On April 13, 1981, Cooke was awarded a Pulitzer. She won after the well-intentioned Pulitzer committee, enthusiastic about both Cooke’s story and the possibility of awarding the first Pulitzer in journalism ever to an African-American woman, juggled her entry from the local-news category to the feature-writing category in order to assure her a prize.
“Cooke was a warning shot. It was a harbinger of all kinds of journalistic scandals to come.”
Proud of its former employee, the Toledo Blade quickly prepared a story. It went to press at 8am. Later that morning, according to an exhaustive investigation by Post ombudsman Bill Green, Blade editors read biographical sketches of the Pulitzer winners that moved over the Associated Press wire. The sketches were based on the résumés submitted with the entries. The Blade’s bio for Janet, taken from its own personnel records, differed considerably. On her Pulitzer résumé, according to Post accounts, Cooke claimed to have graduated magna cum laude from Vassar College and to have received a master’s degree from the University of Toledo. From what the Blade knew, she’d attended Vassar only for her freshman year and received a bachelor of arts from the University of Toledo. Blade editors alerted the wire service.
Sometime after 3 in the afternoon, Bradlee and Managing Editor Howard Simons received simultaneous phone calls. An AP editor wanted Simons. The assistant to the president of Vassar wanted Bradlee. Both callers were asking about Janet’s résumé.
“Take her to the woodshed,” Bradlee ordered, according to Green.
For nearly 11 hours—in various offices and conference rooms at the Post, in the Capitol Hilton bar, and even in City Editor Milton Coleman’s car as the two drove around Southeast DC looking for Jimmy’s house—Janet was alternately interrogated, cajoled, comforted, pressured, and flattered by Bradlee, Woodward, Simons, Coleman, and others.
Finally, at 1:45am, Cooke confessed to Woodward’s Deputy AME David Maraniss. “There is no Jimmy and no family,” she said, according to Maraniss. “It was a fabrication. I want to give the prize back.”
Disgraced, the Post returned the Pulitzer. (The prize was re-awarded to Teresa Carpenter of The Village Voice.)
“The paper absolutely changed that moment,” says Donald E. Graham, the Post’s publisher at the time, scion of the family that owned and ran the paper for eight decades, until its sale in 2013 to Amazon founder Jeff Bezos.
And from that moment forward, journalism changed, too. Cooke became infamous, the first in a line of publicly exposed fabulists including Stephen Glass of The New Republic, Jayson Blair of The New York Times, and Jack Kelley of USA Today.
Cooke’s transgressions rocked the foundations of trust the press had built since the post-World War II blossoming of the information age. After centuries of Fleet Streeters, muckrakers, and yellow journalists, the public had welcomed Walter Cronkite into their living rooms; the crusading work of journalists had freed America from a bad war and a crooked presidency. All over the country, reporters were busy ferreting out corruption of all kinds. Now, suddenly, with Cooke, the press had fallen from grace.

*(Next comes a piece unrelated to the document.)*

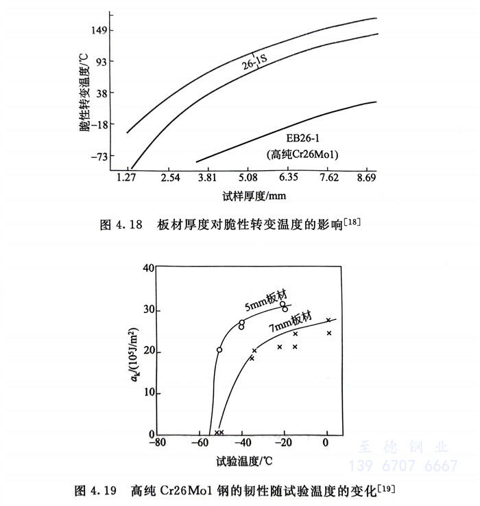 力學性能見圖4.17和(he)表4.8。脆(cui)性轉變(bian)溫度見圖4.18和(he)圖4.19。一(yi)般認(ren)為高純Cr26Mo1截面尺寸適用于(yu)≤6mm或≤7mm板(ban)、帶材(cai)、管材(cai)。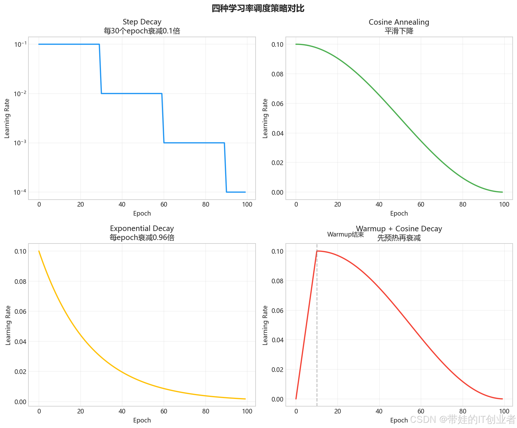 学习率调度是深度学习训练中的"配速策略"。就像跑马拉松不能全程冲刺一样,训练神经网络也需要在前期大步快跑、后期小步微调。本文介绍 Step Decay、Cosine Annealing、Warmup+Decay、ReduceLROnPlateau 等常见策略,帮你在不同场景下选择最合适的"配速方案"。

Cooke’s case also came to symbolize myriad other issues and transgressions in both journalism and the world at large, including the use of unnamed sources, minority recruitment, newsroom ethics, résumé fraud, and the tendency of some writers, operating in the genre known as creative nonfiction, to take license in the pursuit of more literary work.
“The Janet Cooke fabrication was shocking because it came at a time when most people respected newspapers and respected what we now call the media,” says Howard Kurtz, a media critic and former Post staffer.
“Cooke was a warning shot,” Kurtz says. “It was a harbinger of all kinds of journalistic scandals to come.”
IN THE INTEREST OF DISCLOSURE, I know Janet Cooke.
The day she first appeared in the Post newsroom, I was 23, a former copy boy two years into a reporting job on the Metro staff.
Back then, the Metro staff was considered a training ground. In a newsroom stocked with legends like Bradlee and Woodward, we were known as “the kids,” even though most of us were in our late 20s and 30s. I was a bit on the young side; most of the other staffers had been interns out of the Ivy Leagues or star writers at other papers before coming to Metro. Also in the mix were a dozen or so women and minorities hired into two-year internships, a pipeline to newsroom diversity.
It was a heady time in the newspaper business, a golden age when the news budget was flush and the media carried a sheen of importance and invincibility. The Post’s own Woodward and Carl Bernstein had inspired a crowded field of young reporters to join the business in the interest of wearing the white hat of the public’s right to know.
We were a tight-knit group, competitors and comrades both. We played co-ed touch football on Sundays on a field just north of the Washington Monument. (Even Woodward played on occasion. Maureen Dowd, then at The Washington Star, had nice speed and a good pair of hands.) We partied together at Woodward’s Georgetown manse, at Maraniss’s suburban house, at various bars all over town.
But most of all, we worked. Everyone had dark circles under their eyes, everyone was always rushing around, stumbling over themselves to find what our absolute leader, Bradlee, liked to call a “Holy Shit” story. We wanted the brass ring—assignment to a special project that would showcase our talents and win an award; promotion to the National or Foreign or Style staff; a book or movie contract. Given our boss and role model, anything seemed possible.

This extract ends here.